Task instructions: Ignoring every picture, return the lines of the listing below word for word, from the line that holds "9月下旬から体力テストの測定" through the line that holds "由校長和分管教學(xué)副".

---------------

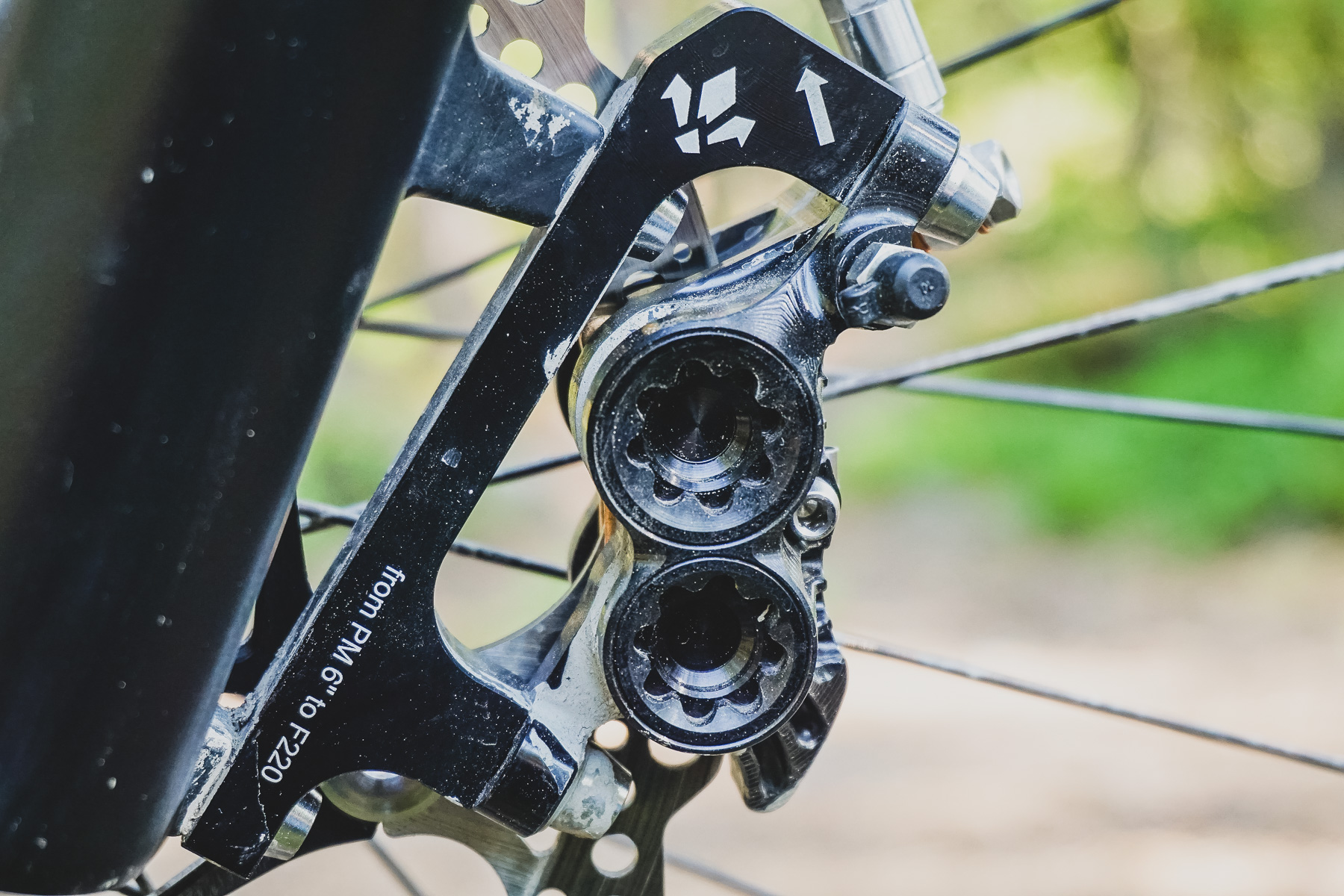 The Hope V4’s combined with a 220/200 rotor combo are strong enough to make a full stop any time.
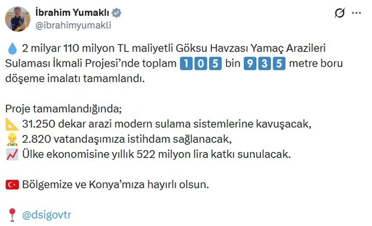 Bakan Yumaklı, sanal medya hesabından yaptığı açıklamada, "2 milyar 110 milyon TL maliyetli Göksu Havzası Yamaç Arazileri Sulaması İkmali Projesi'nde toplam 105 bin 935 metre boru döşeme imalatı tamamlandı. Proje tamamlandığında; 31 bin 250 dekar arazi modern sulama sistemlerine kavuşacak, 2 bin 820 vatandaşımıza istihdam sağlanacak, ülke ekonomisine yıllık 522 milyon lira katkı sunulacak. Bölgemize ve Konya'mıza hayırlı olsun" ifadelerini kullandı.
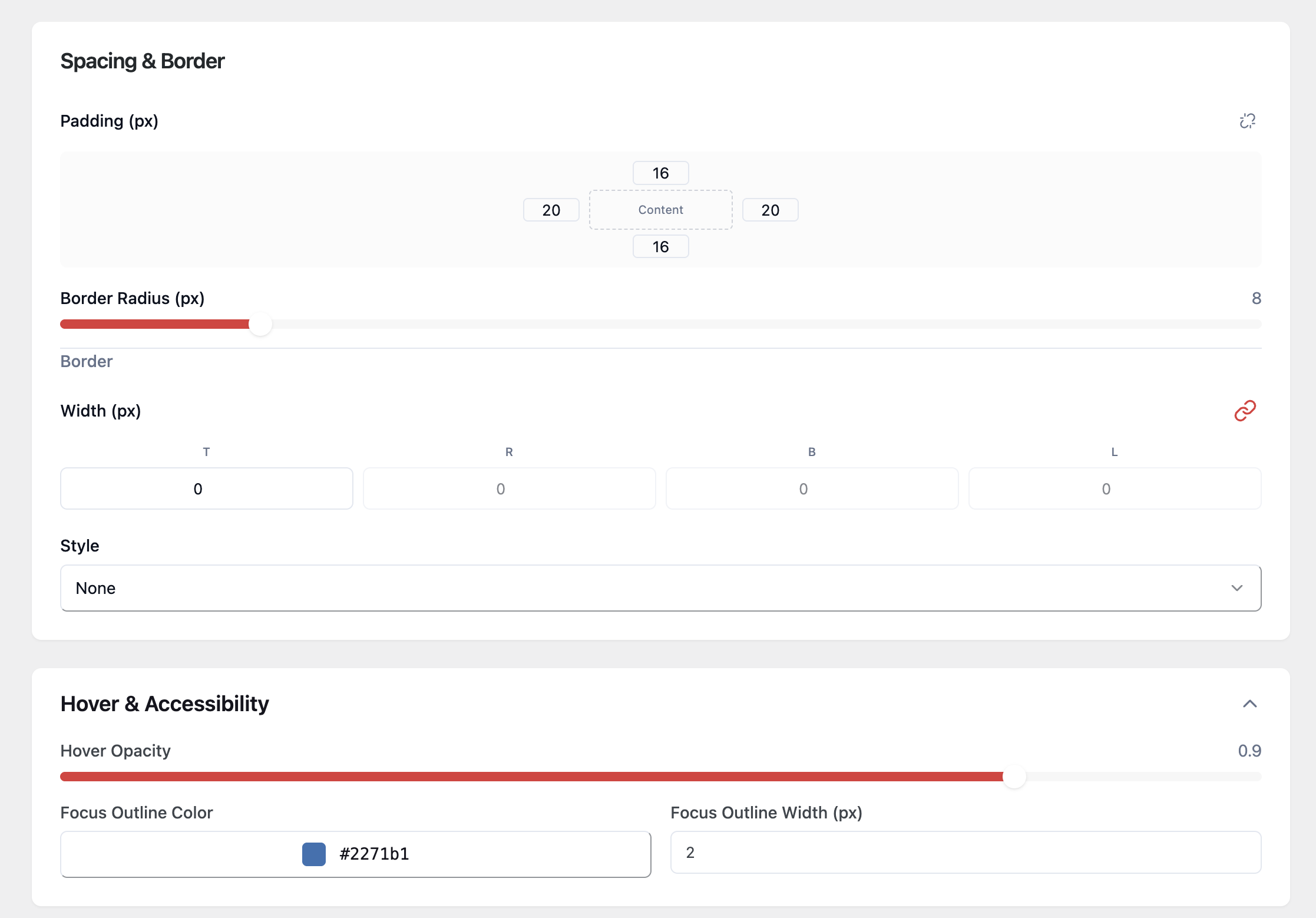 • Fine-tune UX and accessibility details: adjust padding, borders, hover opacity, and focus outline settings for cleaner, more accessible FAQ blocks.
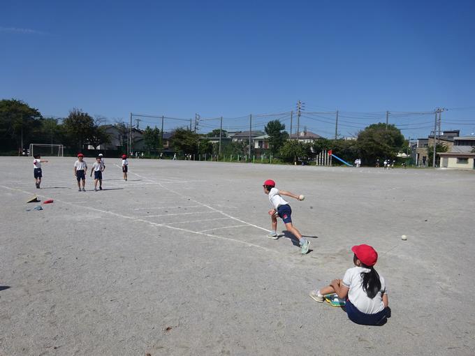 9月下旬から体力テストの測定が始まっています。低学年は高学年にお手伝いをしてもらって測定をします。
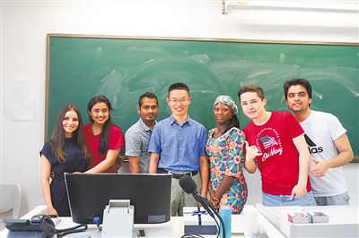 洪桐怀(左四)在北京语言大学的教室中和来华留学生合影。 |
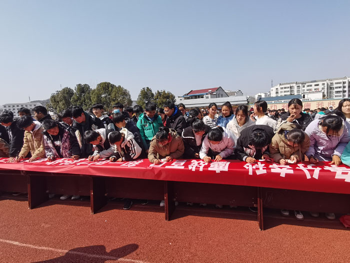 由校長和分管教學(xué)副校長一起揭示中考100天倒計時牌,并為各班班長分發(fā)中考倒計時計時牌,最后,九年級全體同學(xué)在各班勵志標語橫幅上莊嚴簽名,亮明了自己沖刺中考的"軍令狀"。
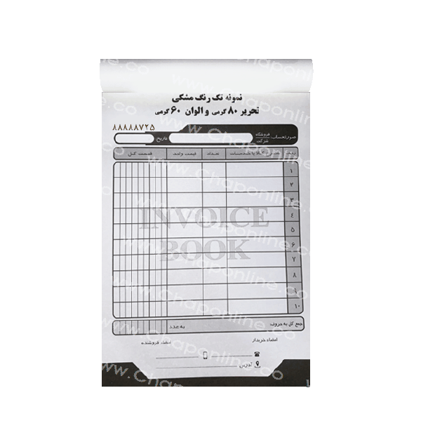محصولات تصادفی فاکتور تحریر(خارجی) غیر رسمیوجه :یکروتیراژ :1000 عددگرماژ :70 گرمسایز :A4 (297×210 میلیمتر)تحویل :10 روز کاریطراحی :بدون طراحی سفارش دهید 3,781,2003,288,000تومانفاکتور تحریر(خارجی) غیر رسمیوجه :یکروتیراژ :2000 عددگرماژ :70 گرمسایز :B4 (353×250 میلیمتر)تحویل :10 روز کاریطراحی :بدون طراحی سفارش دهید 6,596,4005,736,000تومانفاکتور تحریر(خارجی) غیر رسمیوجه :یکروتیراژ :5000 عددگرماژ :70 گرمسایز :A5 (210×148 میلیمتر)تحویل :10 روز کاریطراحی :بدون طراحی سفارش دهید 8,091,4007,036,000تومانفاکتور تحریر(خارجی) غیر رسمیوجه :یکروتیراژ :1000 عددگرماژ :70 گرمسایز :A3 (420×297 میلیمتر)تحویل :10 روز کاریطراحی :بدون طراحی سفارش دهید 6,292,8005,472,000تومان

---------------

Solved problem:
 9月下旬から体力テストの測定が始まっています。低学年は高学年にお手伝いをしてもらって測定をします。
 洪桐怀(左四)在北京语言大学的教室中和来华留学生合影。 |
 由校長和分管教學(xué)副校長一起揭示中考100天倒計時牌,并為各班班長分發(fā)中考倒計時計時牌,最后,九年級全體同學(xué)在各班勵志標語橫幅上莊嚴簽名,亮明了自己沖刺中考的"軍令狀"。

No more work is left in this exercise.